Problem description
Reproduce the full listing below unchanged, apart from the pictures.

═══ Given data ═══

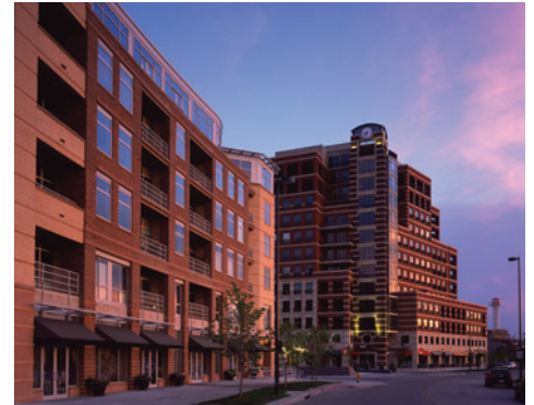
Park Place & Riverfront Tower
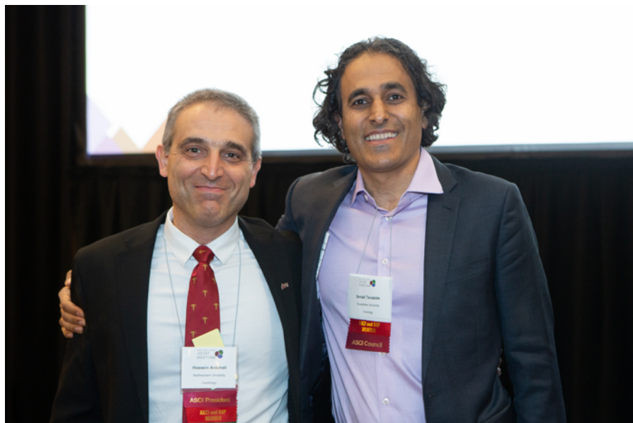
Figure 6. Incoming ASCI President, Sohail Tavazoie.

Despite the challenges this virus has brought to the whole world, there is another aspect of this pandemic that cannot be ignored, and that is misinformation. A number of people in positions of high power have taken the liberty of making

═══

Response to the exercise
Park Place & Riverfront Tower
Figure 6. Incoming ASCI President, Sohail Tavazoie.

Despite the challenges this virus has brought to the whole world, there is another aspect of this pandemic that cannot be ignored, and that is misinformation. A number of people in positions of high power have taken the liberty of making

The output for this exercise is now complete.